Кладбищенская литература далеко не сразу стала осознаваться «сниженным культурным фондом», некрополь как раз в литературной своей части тесно связан с текущей литературой. Эпитафия одновременно «публиковалась» на надгробной плите и на журнальных страницах, как, например, эпитафия поэту М. В. Милонову (1821 г., Георгиевское кладбище) В. И. Панаева:

  • У славы, у надежд отчизны похищенный,
  • Погибший в цвете лет, Милонов здесь лежит.
  • В чью грудь доступен огнь поэзии священной,
  • Тот искренней слезой прах юноши почтит[225].
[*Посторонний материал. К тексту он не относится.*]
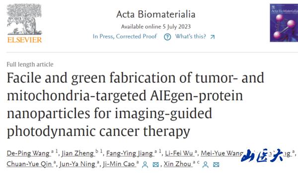 近期,細胞生理學教育部重點實驗室曹濟民教授和周鑫教授團隊在高水平國際學術期刊《Acta Biomaterialia》(中科院一區top期刊,影響因子10.633)發表了最新研究成果:《Facile and green fabrication of tumor- and mitochondria-targeted AIEgen-protein nanoparticles for imaging-guided photodynamic cancer therapy》。青年教師王德平、博士生鄭健及碩士生蔣芳穎為本文共同第一作者,曹濟民教授和周鑫教授為共同通訊作者。
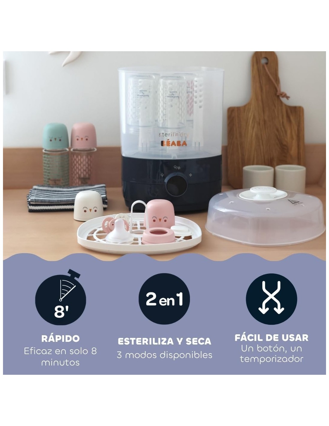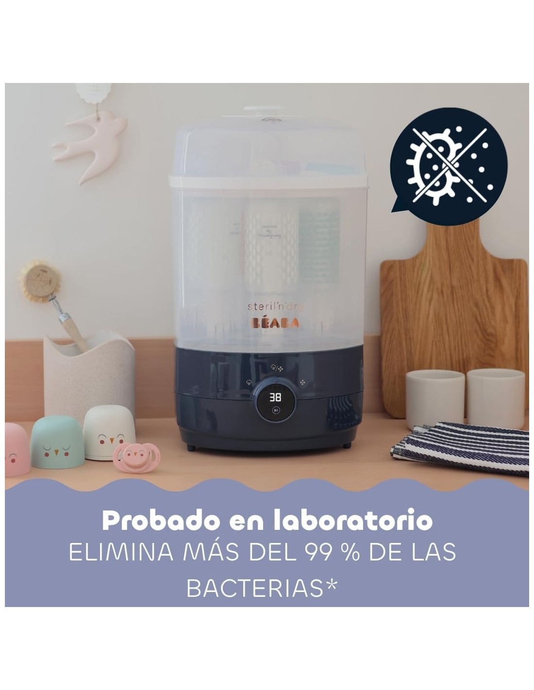 Fácil de usar, difunde vapor y aire caliente en el interior de los elementos para una perfecta eliminación de microbios y bacterias y proteger así el vulnerable sistema digestivo de tu pequeño.

Кладбища, гробницы, мавзолеи, надписи – постоянные темы журнальных публикаций; «прогулки на кладбище» – характерный литературный жанр конца XVIII-первой трети XIX вв. Литературная репутация эпитафии была очень высока: после смерти И. Ф. Богдановича (1803 г.) Н. М. Карамзин объявил в «Вестнике Европы» конкурс на лучшую эпитафию, а кончина А. В. Суворова вызвала целый цикл эпитафий от обширной биографически-панегирической А. С. Шишкова[226] до двустишия Н. И. Гнедича:

  • Ты ищешь монумента?..
  • Суворов здесь лежит[227].

Хотя текст надписи был избран еще самим Суворовым в разговоре с Державиным – «Здесь лежит Суворов».

Рис.94 Исторические кладбища Санкт-Петербурга

Надгробие А. А. Полянского на Лазаревском кладбище

В классицистической эпитафии XVIII в. звучал пафос гражданственности и честно исполненного долга. Это можно заметить еще в стихах на памятнике адмиралу П. И. Ханыкову на Лазаревском кладбище (1812 г.):

  • Здесь старец опочил, благословенный свыше,
  • Вождь сил, носящийся с громами по морям,
  • Он был в день брани – лев, в день мира агнца тише,
  • России верный сын, слуга и друг царям.
  • Он с верою протек путь жизни скорбный, тесный,
  • И в смерти с верою сподобен торжества.
  • За подвиг на земли приял венец небесный
  • И славой воссиял во свете Божества.

Своеобразной реминисценцией «послужных списков» эпитафий прошлого века является надпись на могиле Г. С. Лебедева, похороненного в 1817 г. на Георгиевском кладбище. Стихи на памятнике известному путешественнику и исследователю Индии гласят:

  • Сей муж, с названием согласно,
  • Три части света пролетел;
  • Полет он делал не напрасно
  • Во отдаленнейший предел;
  • Он первый из сынов Российских
  • Восточну Индию проник
  • И, списки нравов сняв индийских,
  • В Россию их принес язык.
  • Без всех ума образований,
  • Толь важный совершил полет;
  • Состав от Индских мурований
  • Небезуспешно выдал в свет.
  • Судьба всеобща упредила
  • Труды покоем наградить.
  • Супруга нежна рассудила
  • Сей памятник соорудить.
  • Да сим любви ее залогом
  • Пришельцев убедить земных,
  • Да с нею воздохнуть пред Богом,
  • Ему желая мест святых.

Однако для первой трети XIX в. более типичны тексты, абстрагирующиеся от биографических реалий. Эпоха романтизма поднимает в стихотворном жанре эпитафии вечные вопросы жизни и смерти, любви и веры.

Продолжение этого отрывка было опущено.